The VOICE Awards Corpus

Facts

1970human-machine dialogs
120unique dialog systems
25domains
> 23.000user utterances
> 500.000words

Available Data

Data/Annotations
Audio
Transcription
Dialog acts
Error/Miscommunication
Repetitions
Dialog success
User ratings (per user/system)
Domain (per system)

Description

The annual competition “VOICE Awards” is an evaluation of commercially deployed spoken dialog systems from the German speaking area. Since 2004, the best German spoken dialog applications are entered in this benchmarking evaluation, where they are tested by novice and expert users. The corpus consists of the available recordings from this competition, including the years 2005-2009.

The corpus represents a large breadth of dialog systems and constitutes a cut through the current state of the art in commercially deployed German SDSs. Altogether, there are 150 dialog systems in the corpus, with a total of 1970 dialogs. A few dialog systems were entered in the VOICE Award contest in several consecutive years. Since there are usually differences between each year’s systems in these cases, a system is counted as many times as it was entered.

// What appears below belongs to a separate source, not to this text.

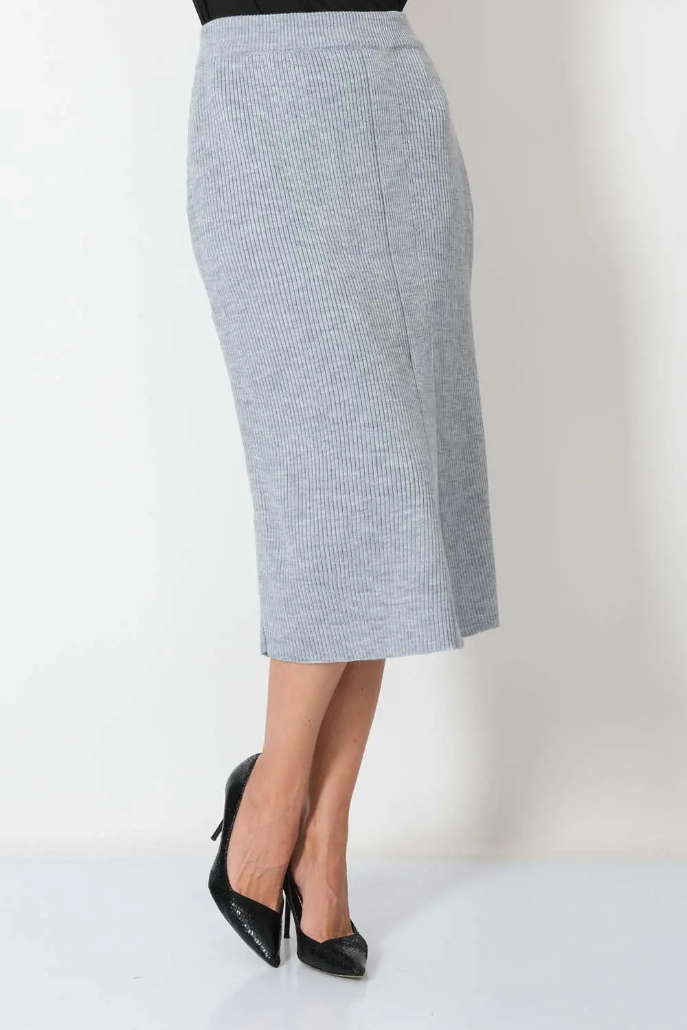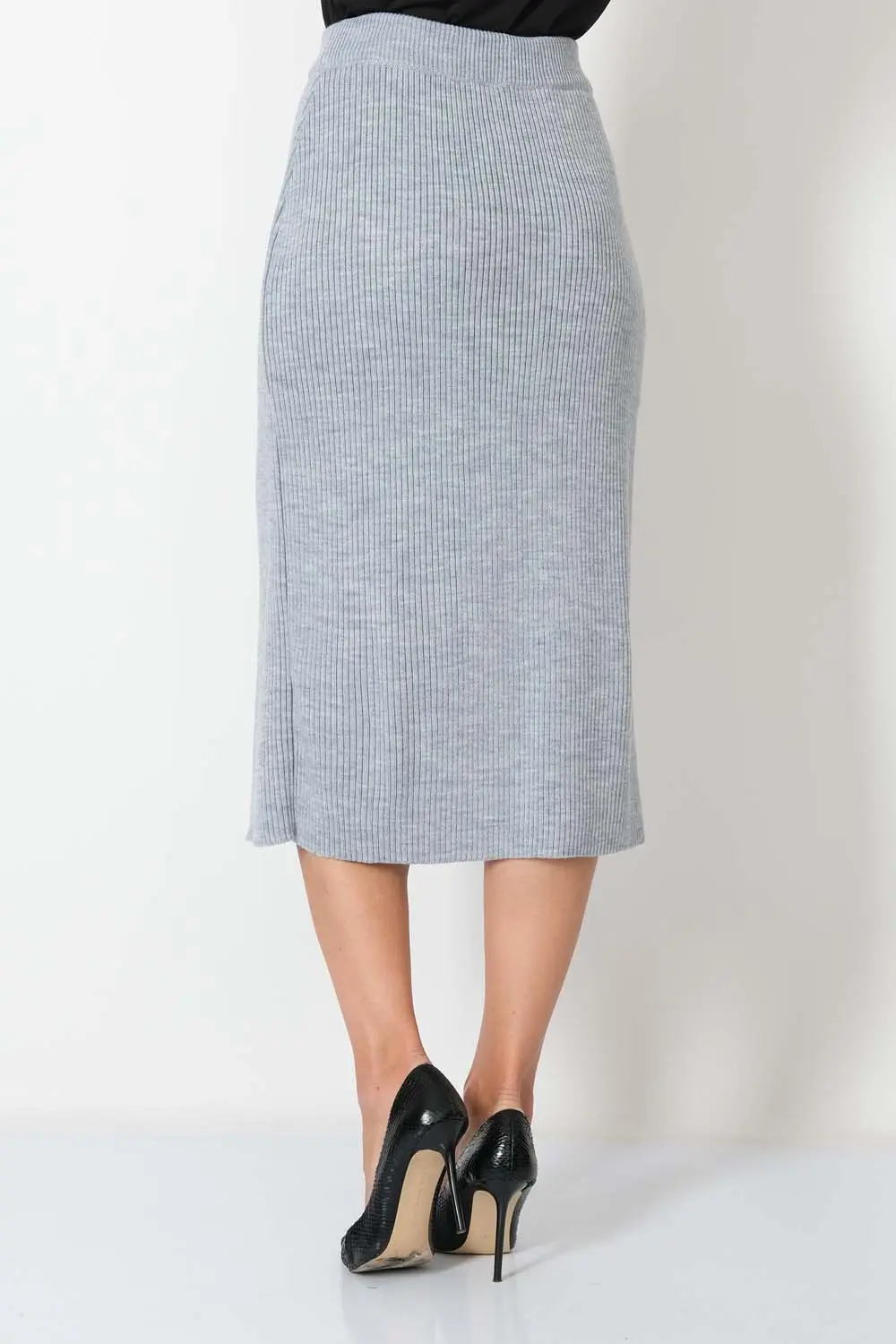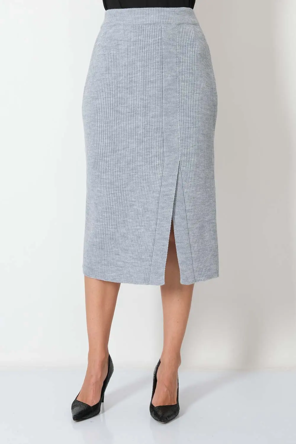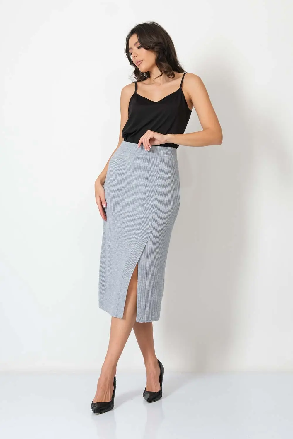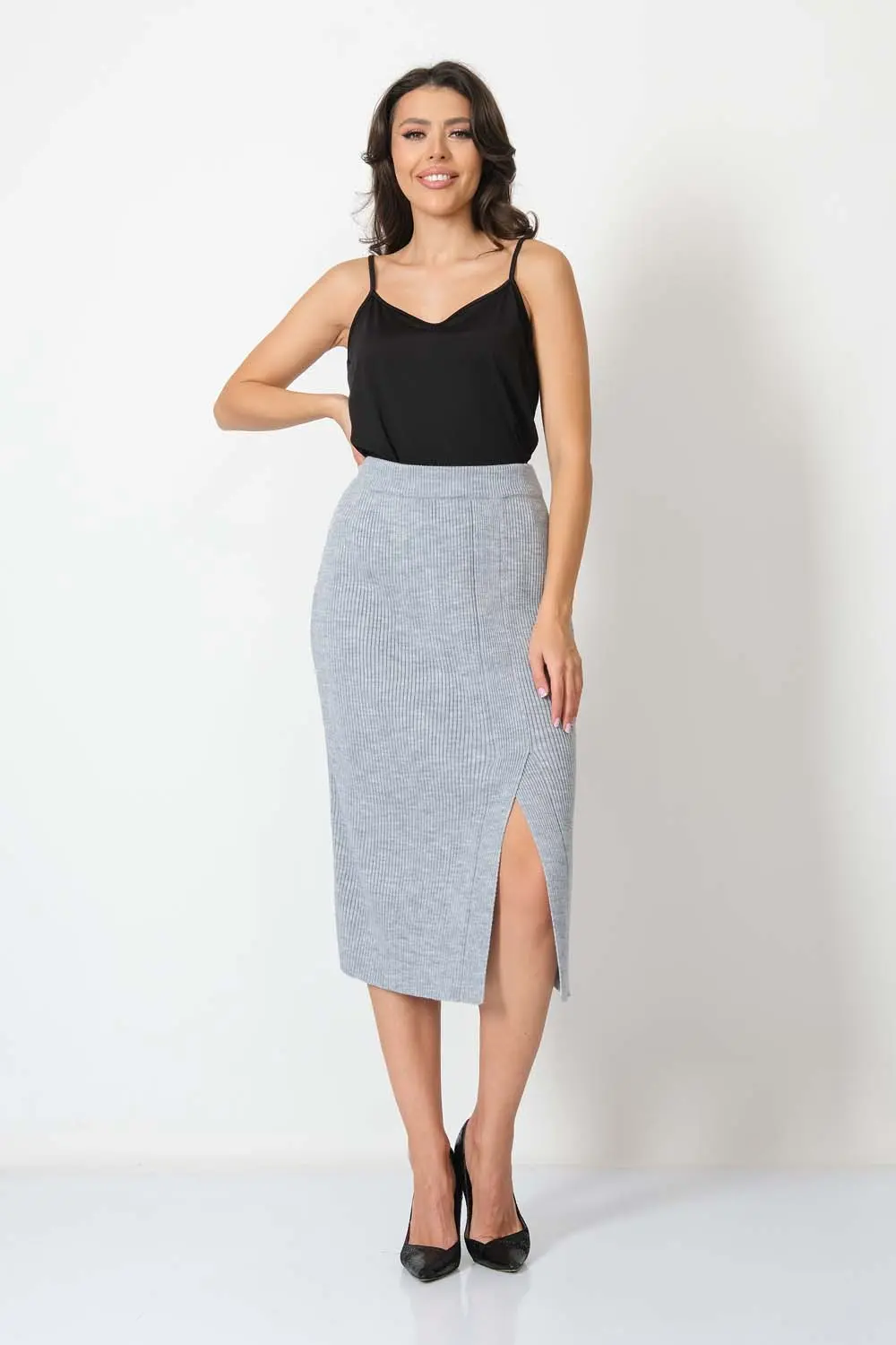 Классическая юбка полуприлегающего силуэта. В пояс горизонтально проложена эластичная резинка. На переднем полотне изделия элегантная шлица.

In each year of the competition, several novice users were asked to call the dialog systems to be tested and perform a given task in each of them. The task was pre-determined by the expert testers according to the developers’ system descriptions, and the same for all users. After completing the task, the users filled out satisfaction surveys which comprised the bulk of the evaluation for the award. In addition to these naïve callers, two experts interacted with each system and performed more intensive tests. These interactions are only in some cases included in the corpus.

The VOICE Award corpus was hand-annotated with the NITE XML Toolkit on three levels on top of the transcription. The domains of annotation are dialog acts, markers of miscommunication, and measures of task success, as well as repetitions. The annotations are used for learning of dialog and error strategies by a user simulation. Therefore, only data that can be obtained in real-time by a running spoken dialog application (user simulation) is considered for mark-up.

Further, the corpus contains content and goal domain classifications of the systems.